Lawrence Eagleburger, secretário de Estado de George H.W. Bush e um dos mais proeminentes apoiantes de McCain, declarou ontem aos microfones da National Public Radio, num programa ironicamente destinado a promover a candidatura republicana, que Sarah Palin's não estava preparada para assumir a presidência no caso de algo acontecer a McCain. O excerto da entrevista em que Eagleburger fala de Palin pode ser escutado no final do post. As dúvidas de Eagleburger ecoam as de muitos outros conservadores, os obamacons cujo número cresce diariamente.
Muitos dos «dissidentes» citam especificamente a escolha de Sarah Palin para VP como a causa da assunção pública do voto em Obama. Anne Applebaum resume bem o que Palin significa num artigo na Slate: «I admire the man, but his party has been taken over by anti-intellectual extremists.»
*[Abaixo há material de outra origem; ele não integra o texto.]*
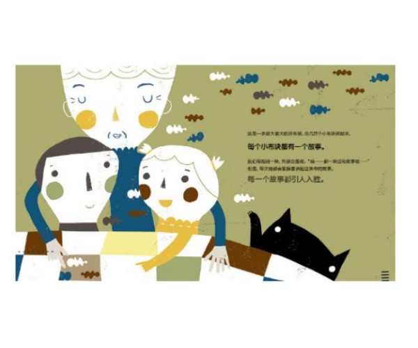 外婆的拼布被很大,不仅能带来温暖,还是外婆的故事书。因为这是由好几百个小布块拼起来的,每个小布块都有一个故事。这条拼布被上,连缀了一个家庭四代人生活中的点点滴滴,就像一本特别的家庭相册,收集着一家人的回忆……

Ou como escreve outro conservador, «Palin, of course, has done the Republicans no good whatever other than making the “base” even more strident and demonstrating to the electorate that the Republicans have become untrustworthy in the extreme. The rest of the world looks at the Republican candidate for VP and gasp at the ineptitude of such a choice by the Republican standard-bearer. It is events and thinking inside the box that will bring doom to the Republican Party.»
De facto, os que deram a nomeação republicana a McCain votaram no candidato mais avesso às «guerras culturais» que devastaram os EUA nos últimos anos, isto é, deram um claro sinal de que estavam fartos do basismo anti-intelectual do GOP. O facto de ter sido o fundamentalismo religioso anti-racional e agressivo que determinou a escolha de Palin para VP, foi um rude golpe nas esperanças de muitos republicanos, que as várias intervenções da senhora consolidaram.
O anti-intelectualismo não é um fenómeno novo, na realidade aparece periodicamente em todas as sociedades, normalmente associado a períodos conturbados na história, como ilustrado pela foto à esquerda, tirada em Berlim num dos períodos mais negros da história da Humanidade. Há mais exemplos que permitem constatar que os pontos altos do anti-intelectualismo correspondem normalmente a regimes totalitários ou pelo menos autoritários.
Por exemplo, na China, os intelectuais foram activamente perseguidos durante a Revolução Cultural. As universidades permaneceram fechadas por praticamente dez anos. Também o Khmer Rouge de Pol Pot considerava os intelectuais o expoente do mal e devotou-se à tarefa de assassinar todos os intelectuais cambojanos. De igual forma, a União Soviética promoveu a classe trabalhadora em relação aos inúteis intelectuais e, especialmente sob Estaline, devotou-se a perseguir e a enviar para Gulags sortidos todos os intelectuais que lucubravam sobre temas capitalistas, decadentes, burgueses ou mesmo fascistas como a genética, anátema na URSS até 1964.
É impossível dissociar o anti-intelectualismo da sua vertente política, o populismo. É fácil reconhecer o populismo no discurso político pela substituição de ideologias, significados, razões e outras coisas racionais por apelos aos sentimentos e emoções - algo mais «democrático» e, simultaneamente, mais difícil de questionar.
Orwell escreveu já há uns tempos que «descemos a um ponto tal que a reafirmação do óbvio é o primeiro dever dos homens inteligentes». Só podemos esperar que o «susto económico» (e os resultados destas eleições) sejam a reafirmação do óbvio que varra a onda populista e anti-intelectual que assola a política internacional.